Extintor para hoguera de vanidades
VALENTÍ PUIG
Jueves, 09-10-08
EL panorama depresivo de la economía va asemejándose a una orquesta en la que los músicos tocan partituras del todo distintas y contradictorias. La cacofonía resultante es hasta tal punto abrumadora que operaciones concertadas globalmente como la reducción de tipos de interés de ayer o bien parecen caer en el vacío o tardan en inyectar confianza en un momento en el que el dinero corre por internet a la velocidad de la luz y uno puede operar en la Bolsa siguiendo sus sobresaltos a cada instante de las veinticuatro horas, «non stop». Casi nadie va a quedarse sin recibir algún impacto -directo o colateral- de una crisis que lastra los inicios de un siglo sorprendente. No existe una receta específica contra el pánico. Estamos en un territorio en el que, tanto por exceso de información como por carencia de precedentes, toda pisada es incierta porque la alta tecnología y factores como la movilidad de los capitales han prohijado factores desconocidos. En gran manera, las soluciones consistirán en improvisar bien. Martin Wolf, oráculo de sensatez para las dinámicas del capitalismo global, ayer rectificaba apreciaciones previas abogando por una inmediata operación que insufle confianza para que los bancos se presten unos a otros o, en caso contrario, actúen los bancos centrales de forma amplia, con el préstamo de dinero a instituciones cuyo hundimiento, por la naturaleza del sistema, no se puede permitir. A pesar de todo, lo que Martin Wolf decía ayer aún vale para hoy: el miedo que colapsa ahora los mercados financieros es tan exagerado como la codicia que propulsaba un comportamiento del todo opuesto hace muy poco.
El conjunto de lo que está ocurriendo configura una prueba de fuego para el orden económico mundial y una insospechada traslación de los flujos de la economía global. En cuanto a la actuación coordinada y global de los bancos centrales, no es como para minusvalorarla. Tras la hoguera de las vanidades no hay por qué regresar a la presunción reactiva de encender el fuego con un pedernal. Ese sistema económico ha aportado crecimiento y prosperidad para cientos de millones y volverá a hacerlo. Inducir el miedo a convertirse en alergia a las nuevas formas del sistema de mercado sería ahora la peor política, como achacarlo todo a los Estados Unidos. Aparte de unos ejecutivos que van demasiado a su aire, la economía de casi toda la especie humana consiste en trabajar, ahorrar y prosperar, en España, en Vietnam y en California. Como siempre, a veces nuestra naturaleza se deja llevar por promesas de rentabilidad desorbitada sin atender a los riesgos: mientras haya gente propicia a ser estafada, habrá estafadores. Eso son las «subprime» y otros productos financieros que atraen la credulidad y el afán de un beneficio irreal. Pero la economía de mercado se rige por normas jurídicas y morales, en el marco del Estado de Derecho. No es que hayamos sometido la sociedad a la economía; es que la economía nos ha venido permitiendo vivir mejor en sociedad.
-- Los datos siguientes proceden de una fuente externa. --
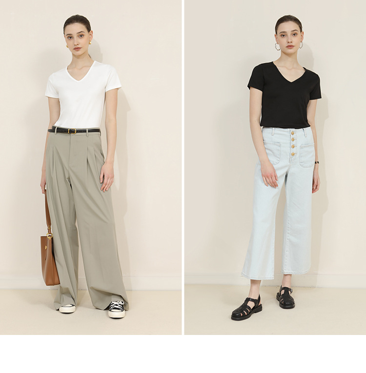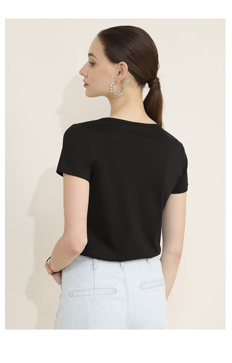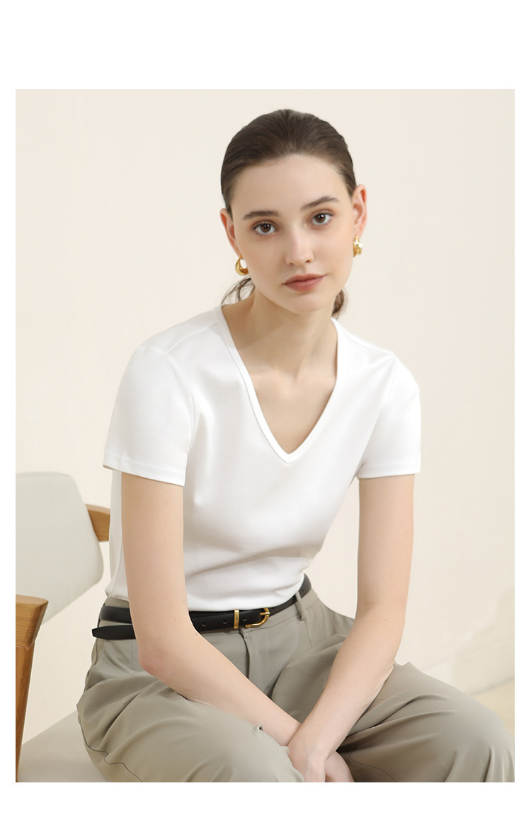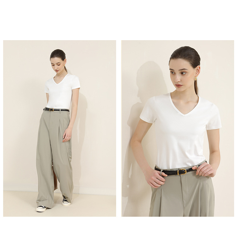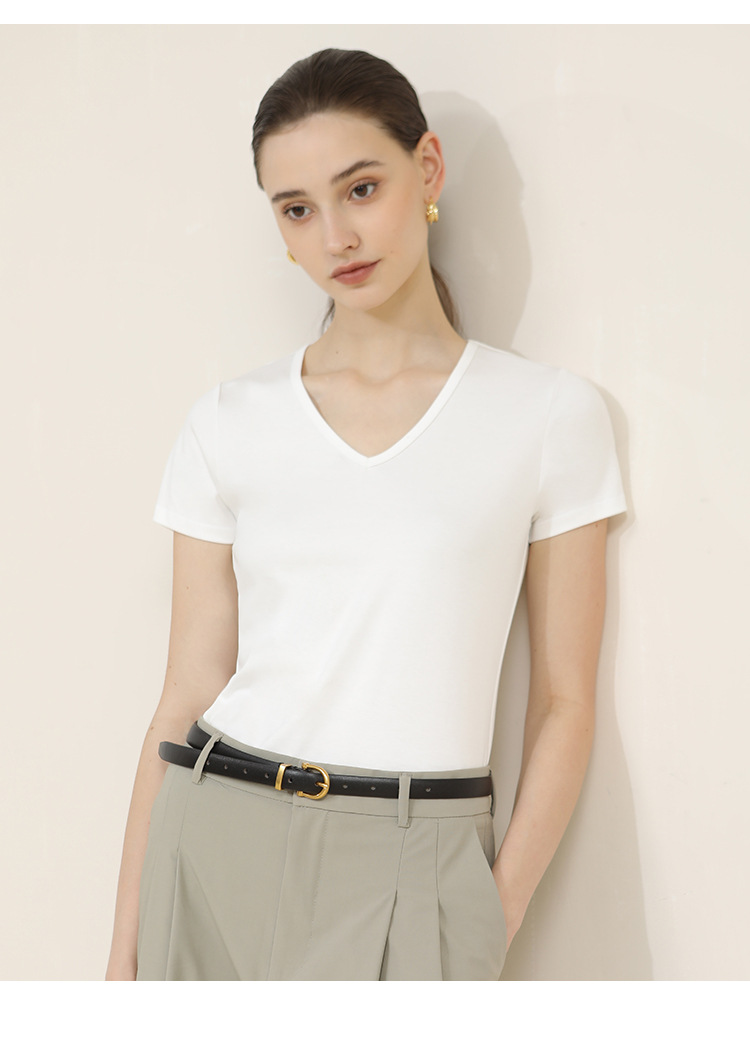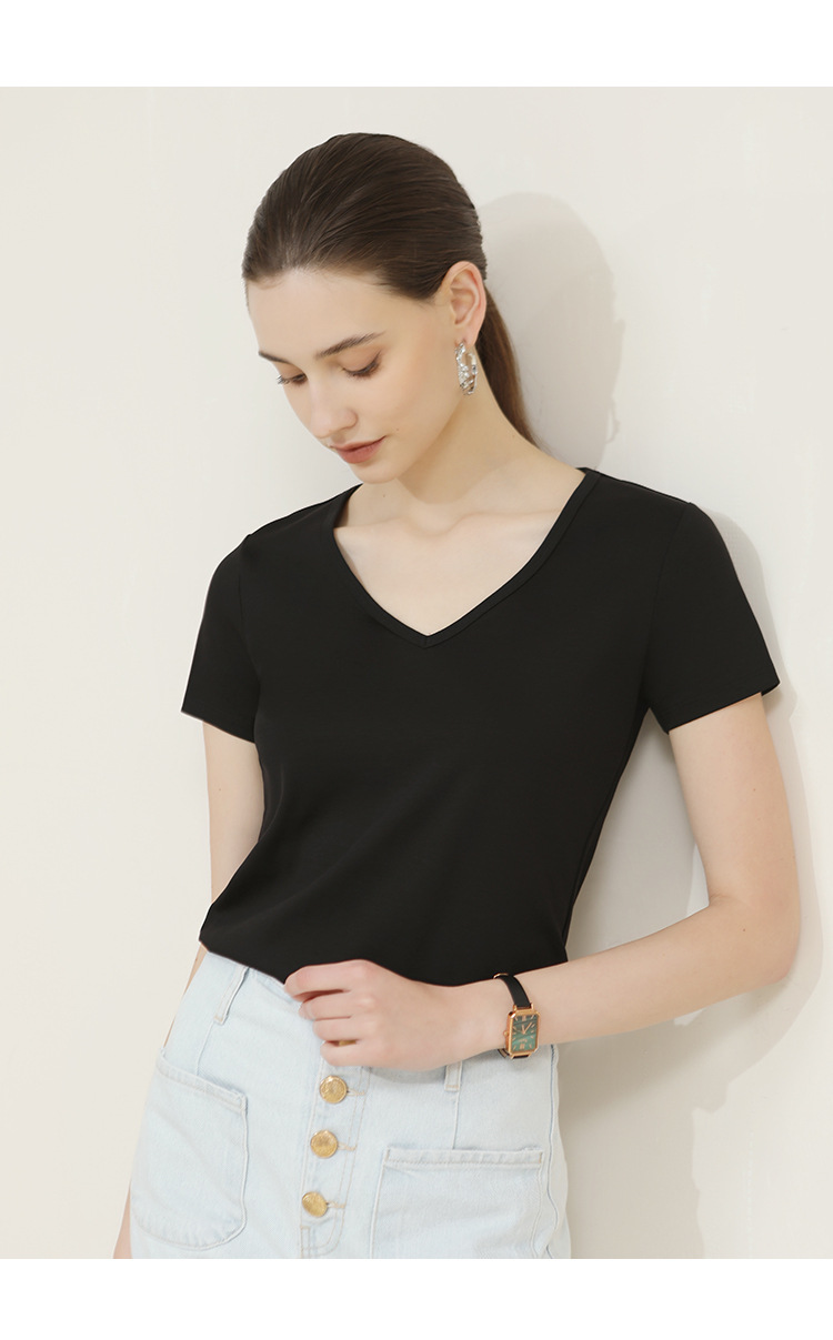 CANVAUS nueva camiseta de manga corta de algodón con cuello en V para mujer slim fit verano Xinjiang algodón textura bottoming camisa moda

En «La hoguera de las vanidades», Tom Wolfe agitó la coctelera para que viésemos cómo el choque económico entre lo real y lo virtual banalizaba la vida de sus personajes. Aquella era la era dorada del «broker», cuya configuración mental no percibía nada más allá del ajetreo vital a cierre de los mercados en el bar del Waldorf, donde la cinta sinfín de las cotizaciones narra en el lenguaje verde y rojo de alza y baja las aventuras de Arthur Gordon Pym en el remolino de la autodestrucción. Es ciertamente funesto que ahora la psicología del pánico y los repliegues de los excesos financieros alcancen de forma tóxica las economías domésticas con paro, inflación y desconfianza. Añaden alarma el carácter global del derretimiento financiero y la costumbre cada vez más extendida de vivir por encima de nuestras posibilidades. Aplíquese bien el extintor para apagar la hoguera de las vanidades. Para eso hay tribunales y cárceles. Pero lo fundamental es que el liderato de gobernantes e instituciones públicas aseguren el paso de la nave más allá de los arrecifes. La buena gente pide estabilidad, ver alejarse prontamente tanta volatilidad. Al final, de lo que se trata es de ir a comprar el pan y acompañar a los niños a la escuela.